Usually it works fine, but sometimes it’s a bit of a chore, right? You have to go into your phone settings and figure out whether the problem is there or with your car; maybe some firmware needs updating, or maybe something’s just broken or incompatible. You don’t always know.
This is a taste of what ‘interop testing’ feels like, as well as an example of why it needs to be done.
‘Interop testing’ (it’s called ‘interop’ testing to cover both interoperability, and inter-operations testing) is how the community ensures that Internet protocols actually cooperate when needed. It can be a tricky business of trial and error. If you’ve ever carefully followed a set of instructions, yet still had frustrating problems occur, don’t feel alone; even the best of us in the Internet community have had that same experience implementing protocols.

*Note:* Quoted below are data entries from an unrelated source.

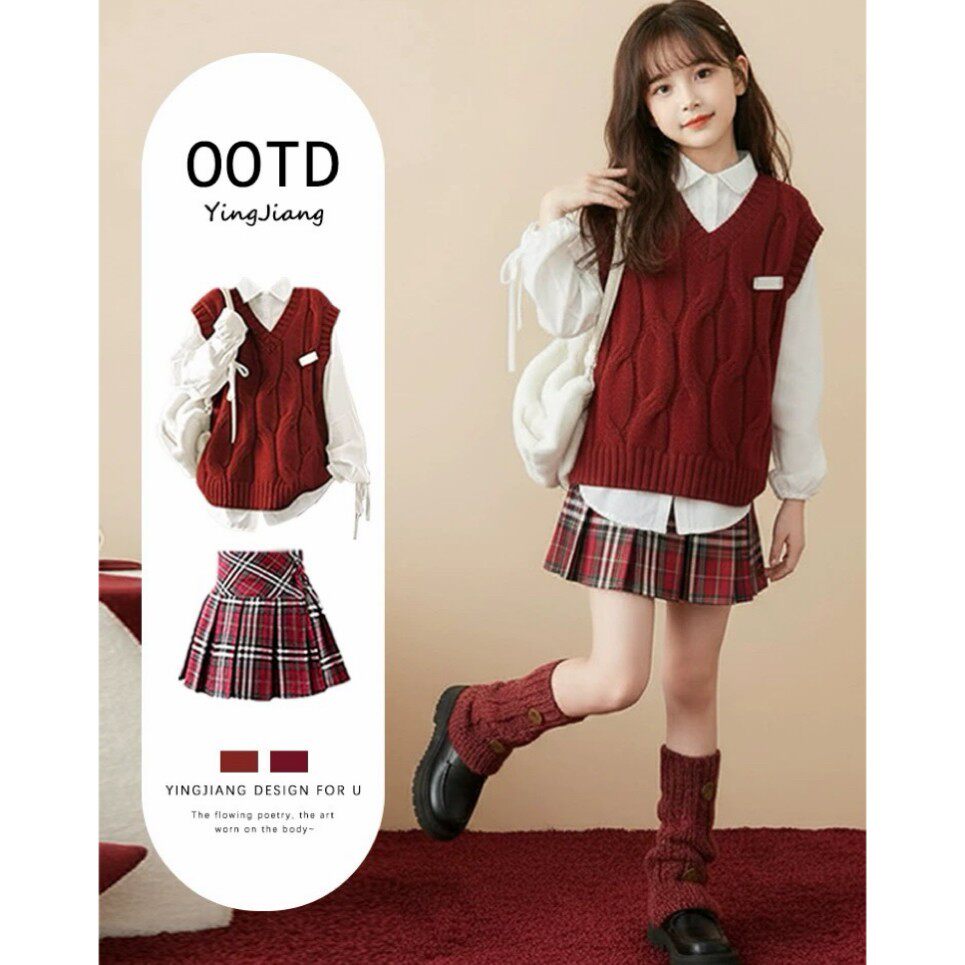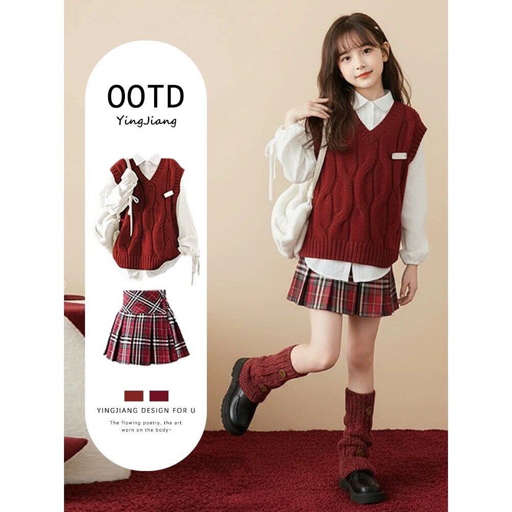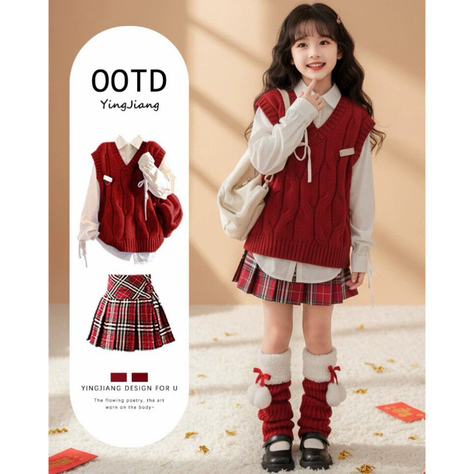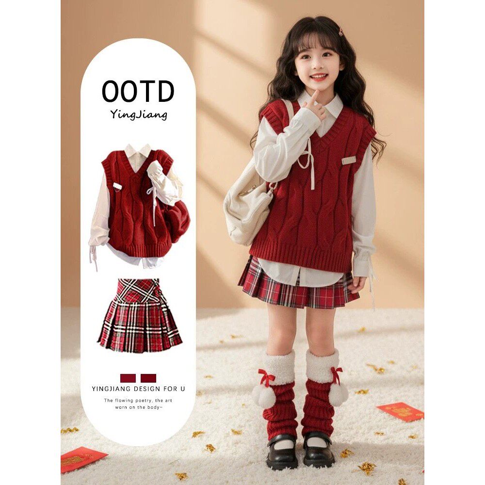 女童冬装红色毛衣套装中大童秋冬季衬衫半身裙子儿童拜年服装童装
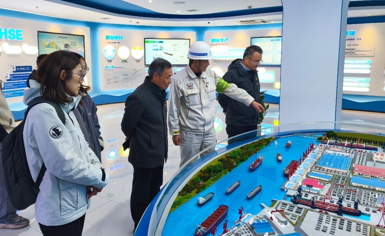 随后,扬州中远海运重工有限公司的工作人员带领全体党员参观了企业文化馆,支部成员深入了解了企业发展历史。同时,支部师生一起参观了正在舾装的集装箱船。
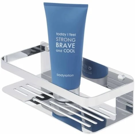 El canasto está hecho de materiales de alta calidad y es adecuado para usar en áreas húmedas. El estante plano con borde alto del canasto le aseguran que los productos permanecerán en su lugar. Es fácil de montar y de limpiar.
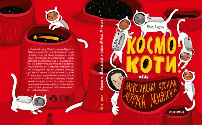Зовсім скоро у дитячому арт-видавництві «Чорні вівці» вийде у світ нова книга української письменниці та журналістки Юлії Ілюхи «Космокоти. Марсіанські хроніки Мурка Мняуска». Дитяче видання розповідатиме про кота, який загорівся бажанням полетіти у космос на розвідку Марса. А все через захоплення відомим винахідником Ілоном Маском, основна задача діяльності якого – дослідити та заселити планету Марс. Читайте детальніше про книгу далі на ichernivchanyn.
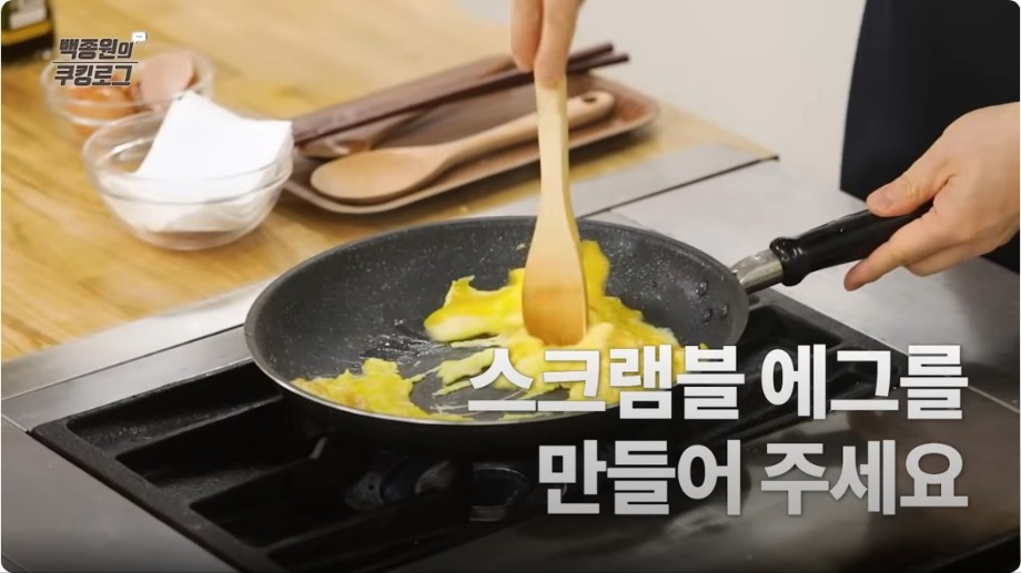 3. 팬에 식용유를 두르고 스크램블 에그를 만든다.

The reason for these problems is partly due to a concept I want to explore today — the possibility that you and I could both read the same set of fairly precise instructions correctly, yet still end up doing things differently.
Interop testing is about showing a protocol can be implemented independently
Imagine you want to compete for business, or offer service in an IETF-defined protocol. One of the first things you will do is reach for the RFC that documents it.
This will serve as your set of instructions for how to implement that protocol properly.
There are several things you might expect to see:
- What the protocol is actually for
- The expected states of the systems communicating over the protocol
- How to arrange the ‘bits on the wire’ that actually form the messages of the protocol (that’s what a technical protocol is — definitions of the messages and states)
- Things you must or must not do (this is where ‘normative language‘ comes in, and the use of typeset MUST, MUST NOT, MAY and SHOULD all have narrowly defined meanings and intentions in RFCs).
The problem here is that protocols can be specified in ways that are open to interpretation. Text in the specification might be strongly normative and say you MUST send the username in at most 16 bytes of data but not be clear what to do if there is space-padding in the front or the rear.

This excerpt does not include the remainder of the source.